:: RAW DATA ::
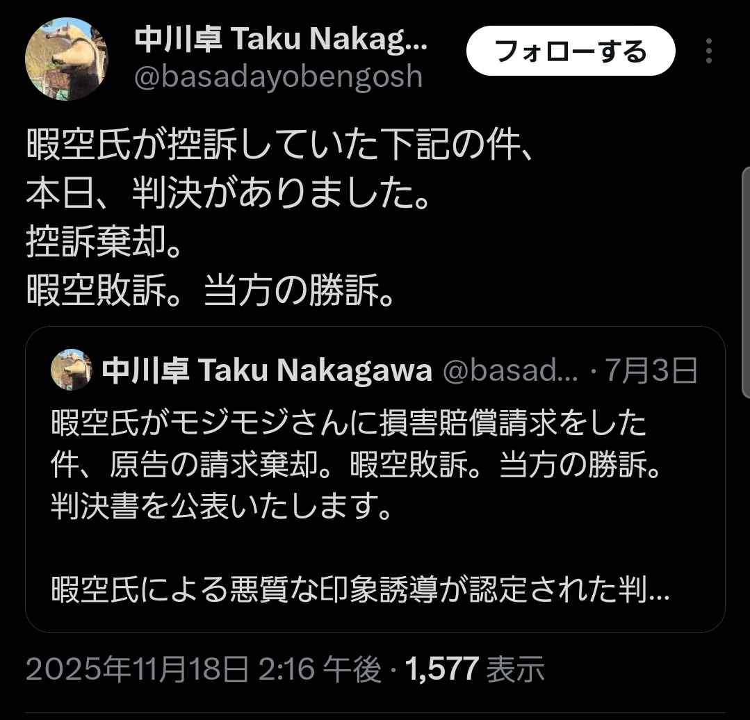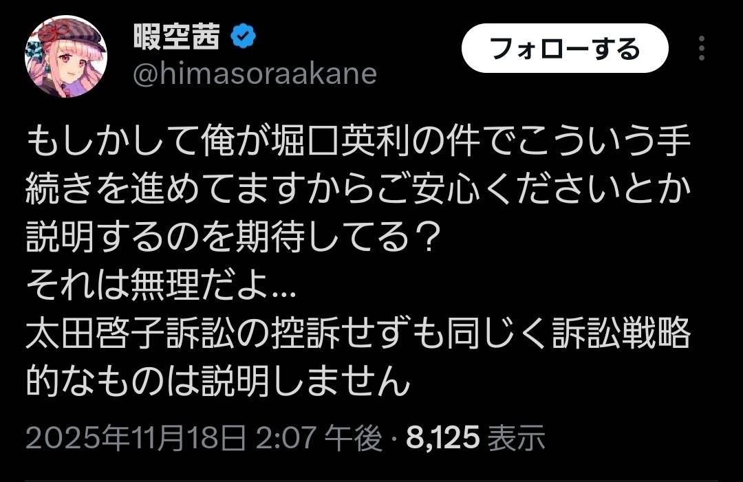 【日刊】暇空茜、また敗訴🥸
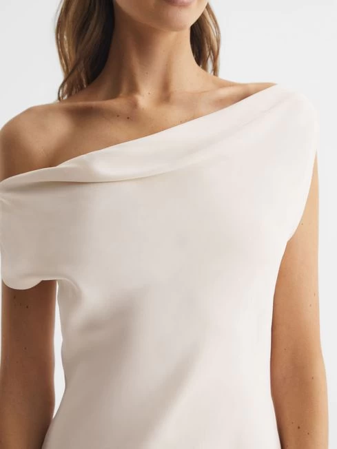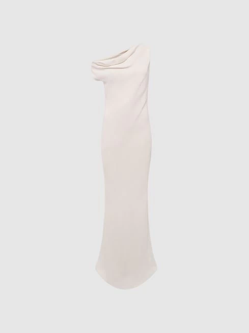 Embrace simplicity with the nude Loretta dress. Its satin-feel fabrication drapes elegantly across the frame in an off-the-shoulder design. It finishes at a sophisticated maxi-length. Curate a charming bridal edit with satin heels and a coordinating clutch bag.
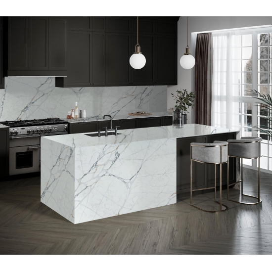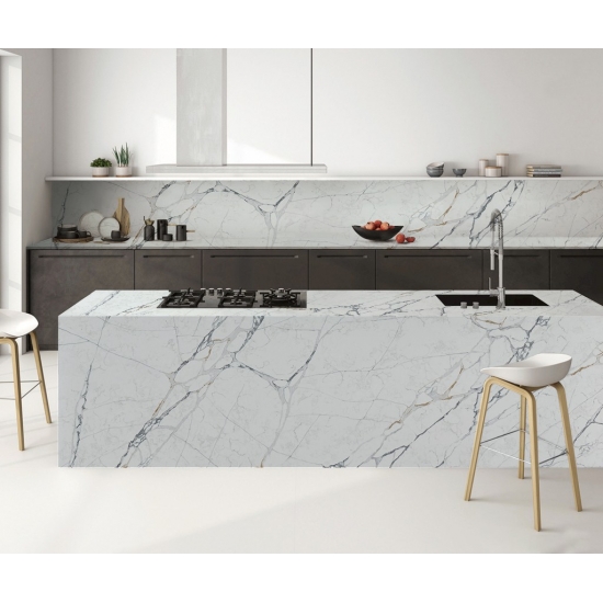 Squisito e unico, il quarzo Calacatta incanta i sensi con i suoi bianchi puri e le sue suggestive venature effetto marmo in tutta la massa. Con la sua splendida e suggestiva venatura larga e la sensazione di lusso, questo quarzo offre l'aspetto naturale del marmo Calacatta, ma senza nessuno degli svantaggi dei piani di lavoro in marmo. Il quarzo Calacatta è un piano di lavoro molto resistente, antimacchia e antigraffio, il che lo rende anche una scelta molto pratica per piani di lavoro per cucine e bagni, scale, davanzali, mobili su misura, applicazioni per pareti e pavimenti interni ed esterni, decorazioni con getto d'acqua e altri progetti di design.

:: WORK TO COMPLETE ::
Reproduce verbatim the opening line of the material and every line after it, up to and including the line with "Embrace simplicity with", but no pictures.

:: EXPECTED ANSWER ::
 【日刊】暇空茜、また敗訴🥸
 Embrace simplicity with the nude Loretta dress. Its satin-feel fabrication drapes elegantly across the frame in an off-the-shoulder design. It finishes at a sophisticated maxi-length. Curate a charming bridal edit with satin heels and a coordinating clutch bag.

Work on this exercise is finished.